Magsaysay, officially the Municipality of Magsaysay (),  is a 5th class municipality in the province of Palawan, Philippines. According to the 2020 census, it has a population of 12,603 people.

It is the easternmost of the three municipalities of the Cuyo Archipelago, and its territory includes the eastern half of Cuyo Island, as well as Alcoba, Canipo, Cocoro, Patunga, Paya, Putic, Siparay, Tacbubuc, and Tagauanian islands.

Geography

Barangays
Magsaysay is politically subdivided into 11 barangays.
 Alcoba
 Balaguen
 Canipo
 Cocoro
 Danawan (Poblacion)
 Emilod
 Igabas
 Lacaren
 Los Angeles
 Lucbuan – one of the oldest barangays in Magsaysay. The Saint Michael Archangel Parish Church, where the town fiesta is celebrated, and Cuyo Airport are both located in Lucbuan.
 Rizal

Climate

Demographics

In the 2020 census, the population of Magsaysay, Palawan, was 12,603 people, with a density of .

Economy

History

Spanish Era 
The modern-day municipality traces back its origins to the town of Cuyo, its mother town.

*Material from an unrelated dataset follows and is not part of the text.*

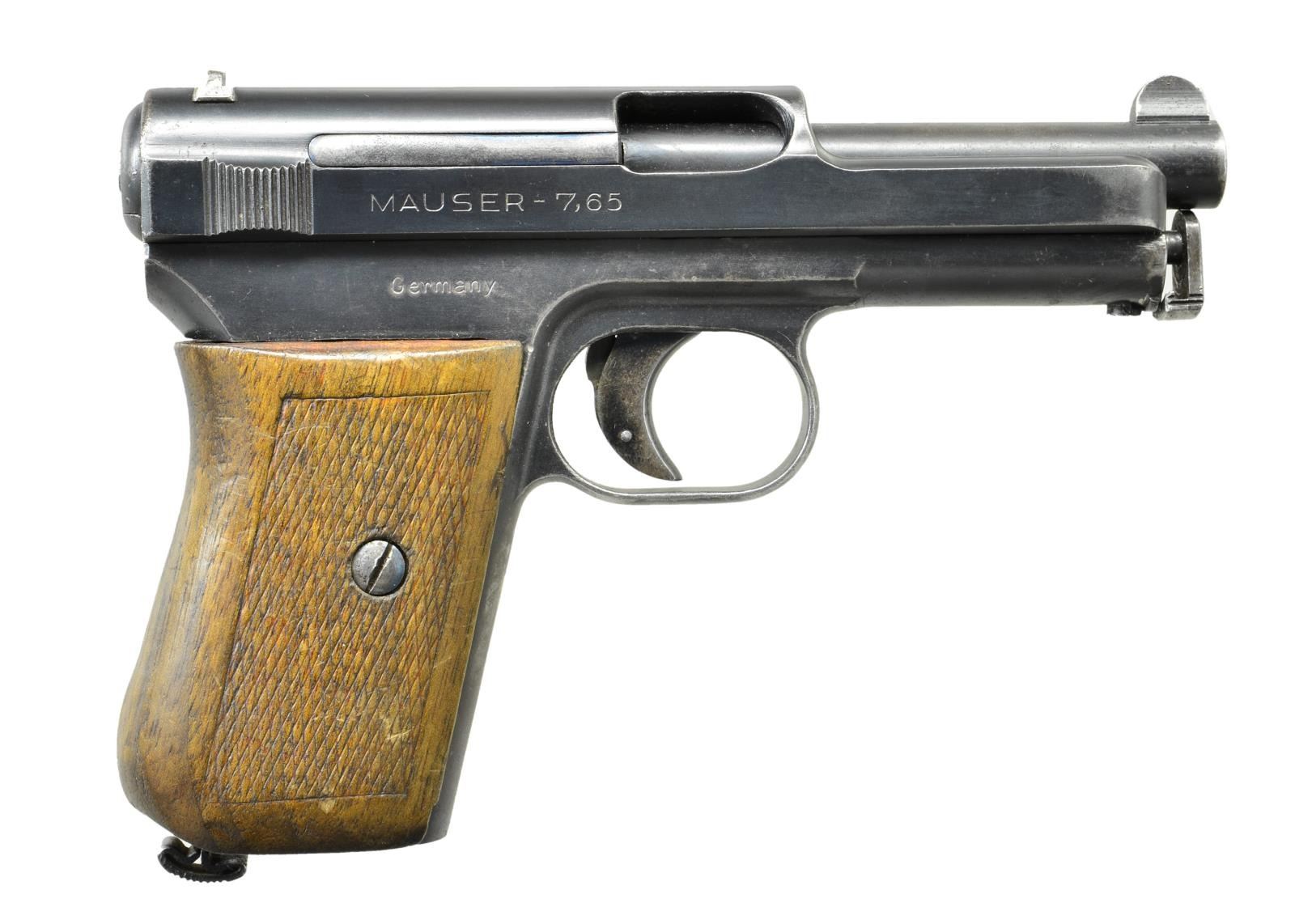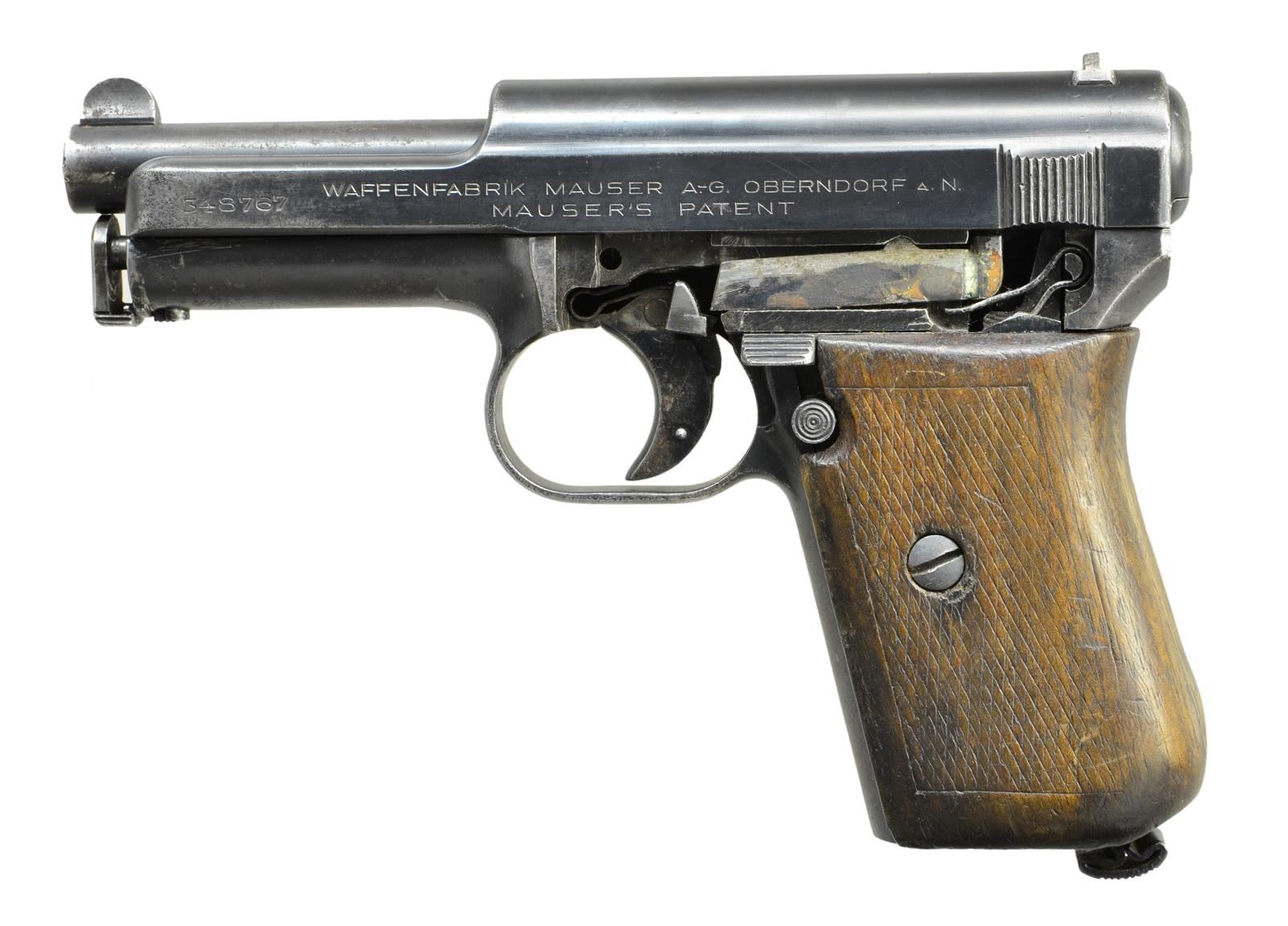 Cal. 7.65mm (32 ACP). S# 348767. Bbl. 3 1/2". Top rear of slide has crown over U Imperial army proof. Matching number on slide & frame. Right side of frame has "GERMANY" marking. No left sideplate present. Checkered walnut grips. MAGS: none. CONDITION: grips show overall heavy wear w/ worn checkering, dings, scratches & handling marks. Metal retains 50% original blue w/ some dings on bbl, high edge wear, scattered fading to gray & a few spots of of oxidation. Front takedown nut is loose. Worn bore w/ scattered pitting. (22-3209/MJC). CURIO. $100-200.

Cuyo, which included the entire island of Cuyo, was founded as a Spanish settlement in 1622.

In 1762 one of the British ships that invaded Manila fired at the Cuyo fort but it was not damaged at all. Another fort was started at Lucbuan seven kilometres away on the east side of Cuyo island, but it was never finished.

Lucbuan Republic 

The Revolutionary Dictatorial Government of Lucbuan, often referred to as the “Lucbuan Republic” was a state on the island of Cuyo (now Magsaysay, Palawan) that briefly existed during the Philippine-American War. It was established to break away from the administration of President Emilio Aguinaldo and his central administration.

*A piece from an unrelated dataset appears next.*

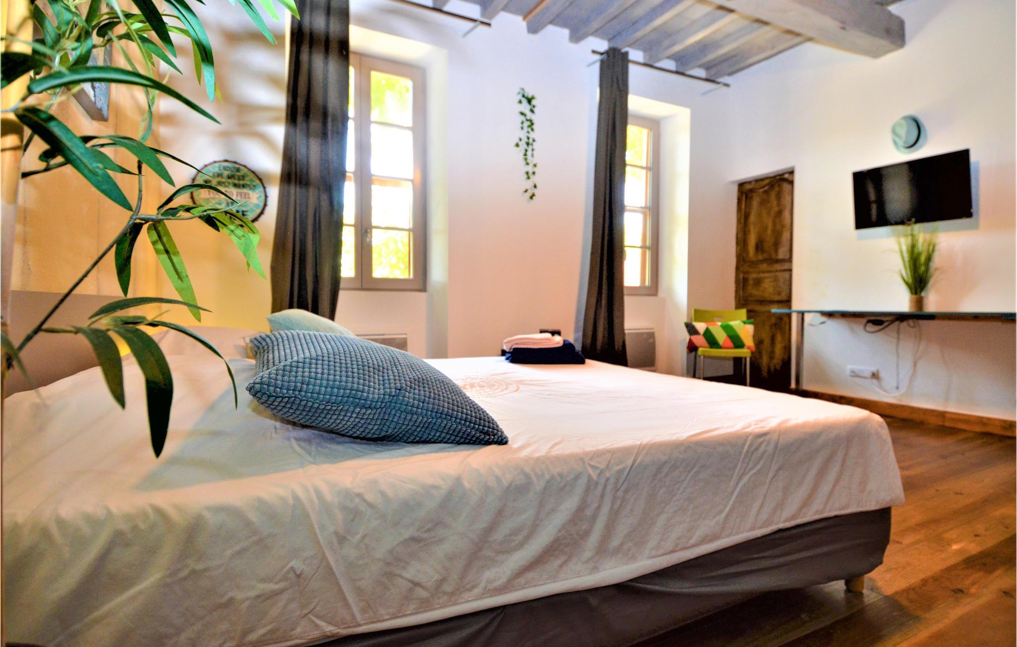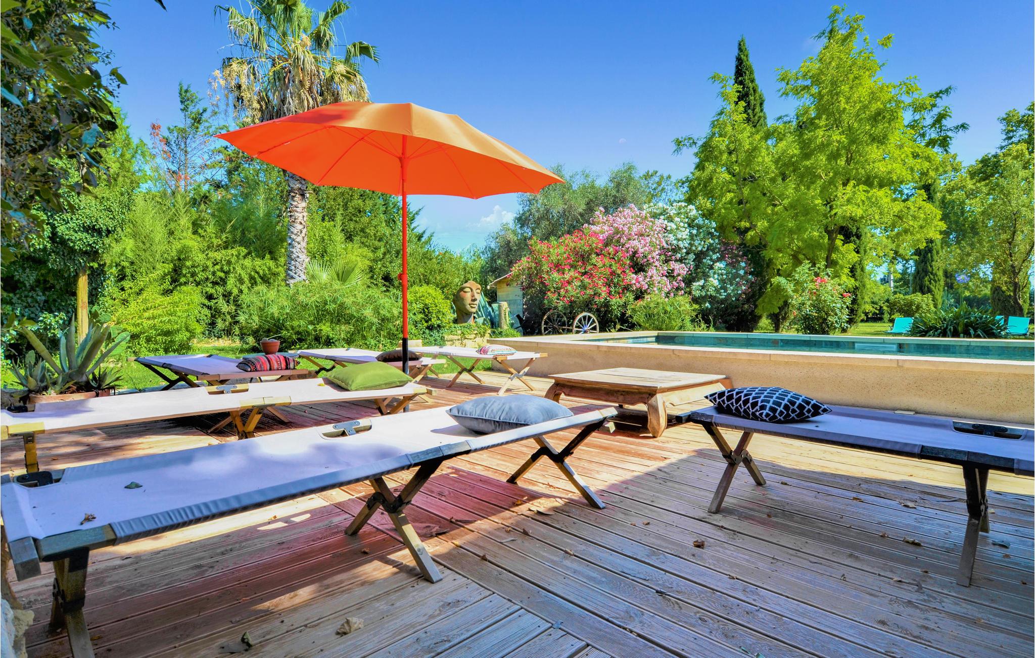Ved ankomsten vil I blive fortryllet af synet af poolen og de store palmer. I tilbringer jeres ferie i en smuk provencalsk bondegård med plads til 14 personer. Soveværelserne er på de øverste etager. Huset har aircondition. I stueetagen venter et stort opholdsområde med åbent køkken og adgang til terrassen og haven.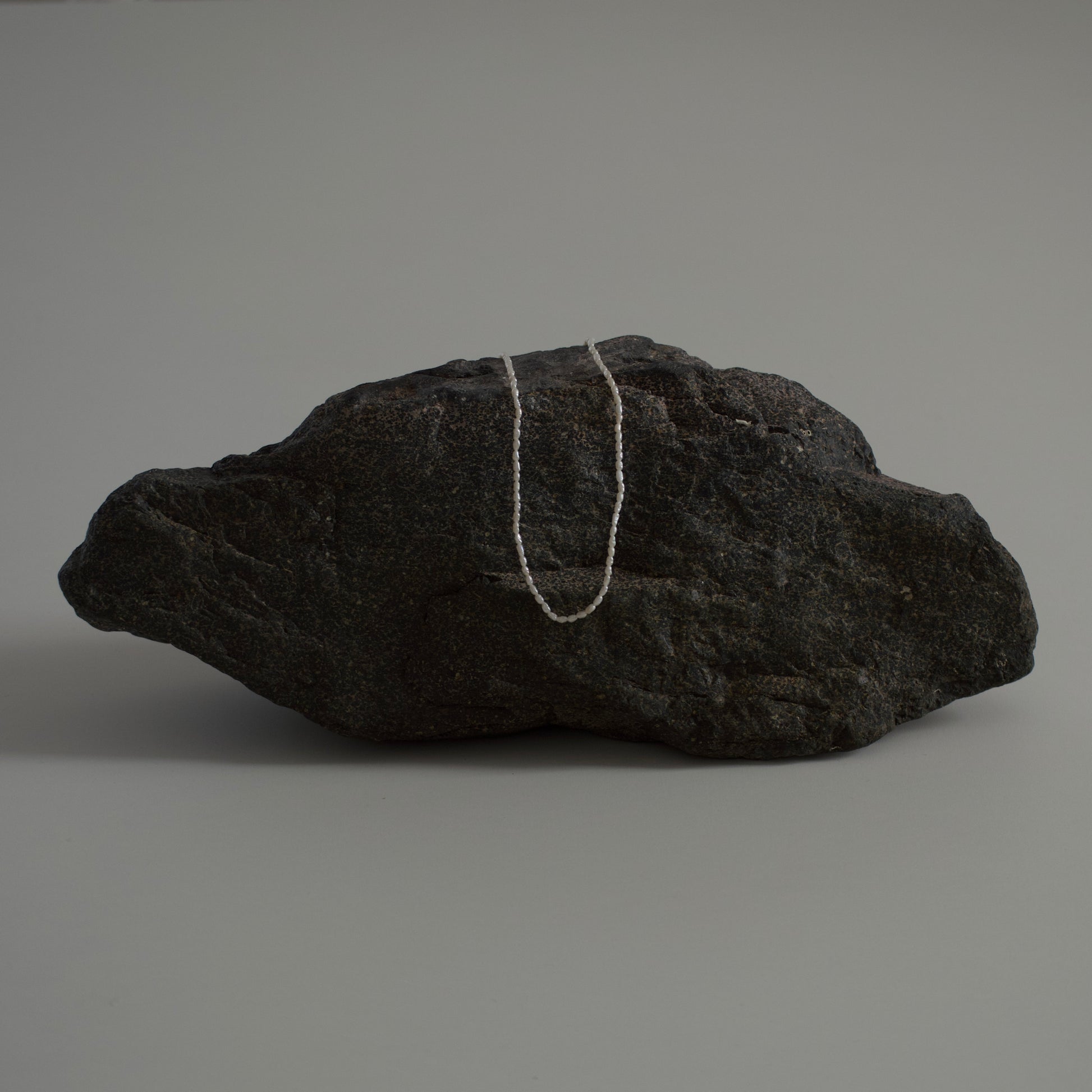 Necklace entirely handmade with striped rice grain pearls and a 925 silver clasp.

Even before the establishment of the Republic of Lucbuan, Don Casiano Padon, a native of Molo, Iloilo, began organizing a government in August 1898 due to the persuasion of the people of Lucbuan.

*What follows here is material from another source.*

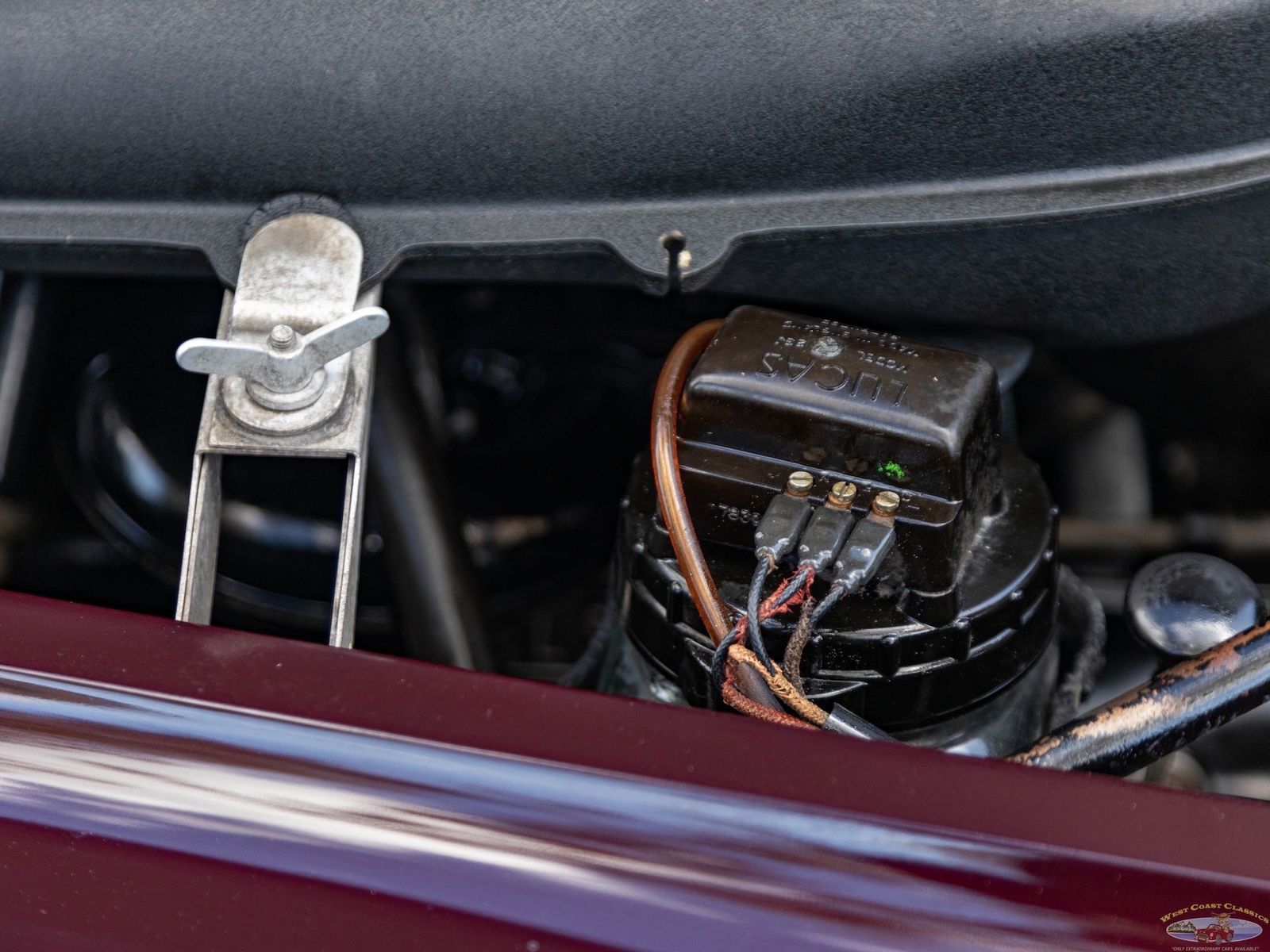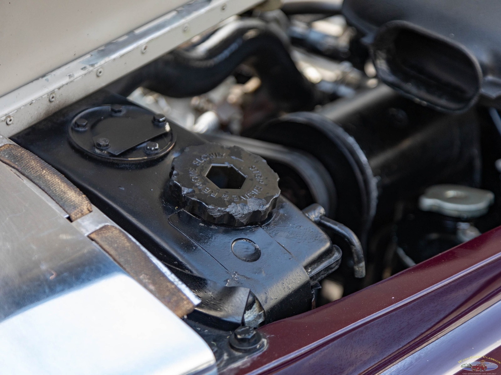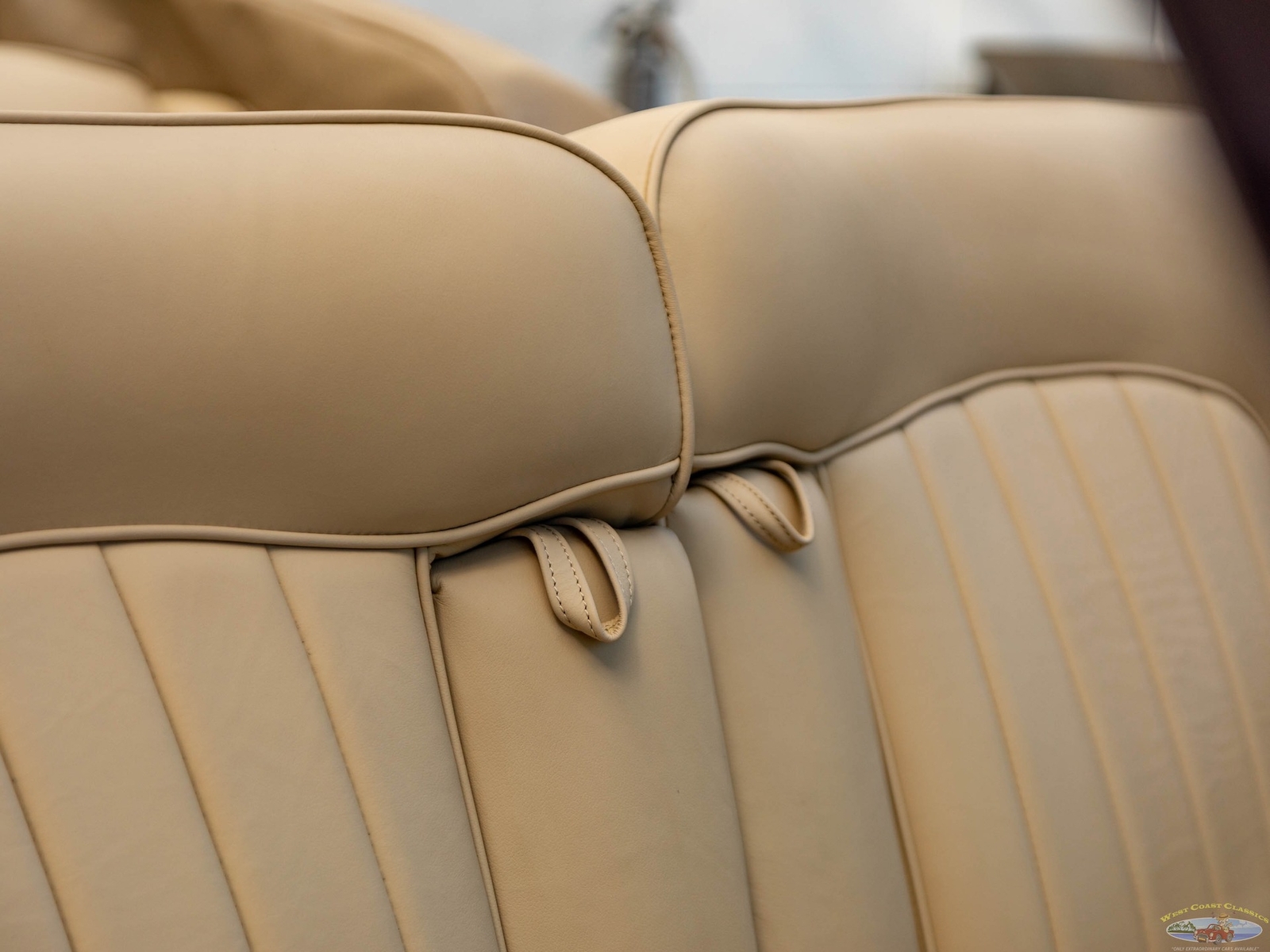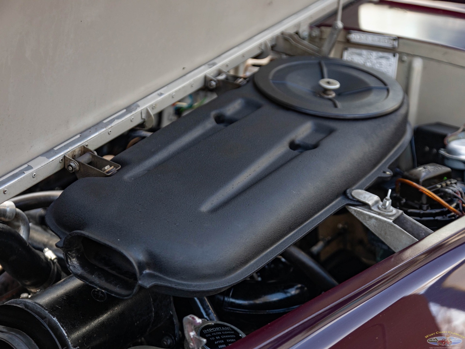 It has rare options of the altimeter and tachometer, air conditioning, 'Sundym' reflective tinted glass, White sided tubeless tires, power brakes and power windows. Finished in an exceptionally striking color of 'Regal Burgundy' with a newly upholstered 'Tan' color Connolly hides interior. The original seats are truly still as comfortable as the day they were new, firm and supportive and recently reupholstered. The carpeting and the car's original convertible top and mohair headliner have also been restored with no expense spared and the car show superb maintenance and care from its three long time owners.

After the arrival of the representative of the Province of Calamianes from Bulacan in the last days of 1898, there was not much change in leadership in the entire archipelago of Cuyo and Palawan. This affected the livelihood of the people of Lucbuan as well as the inability to rule by the rulers of Calamianes. By this time the Spaniards had fled throughout Palawan to Borneo to return to Spain.

Very few knew Aguinaldo, and that is why the people of Lucbuan did not like to be ruled by Tagalog representatives under Aguinaldo which was the reason the Republic of Lucbuan was founded by Don Casiano Padon on 30 May 1899 and he himself as Governor of the government.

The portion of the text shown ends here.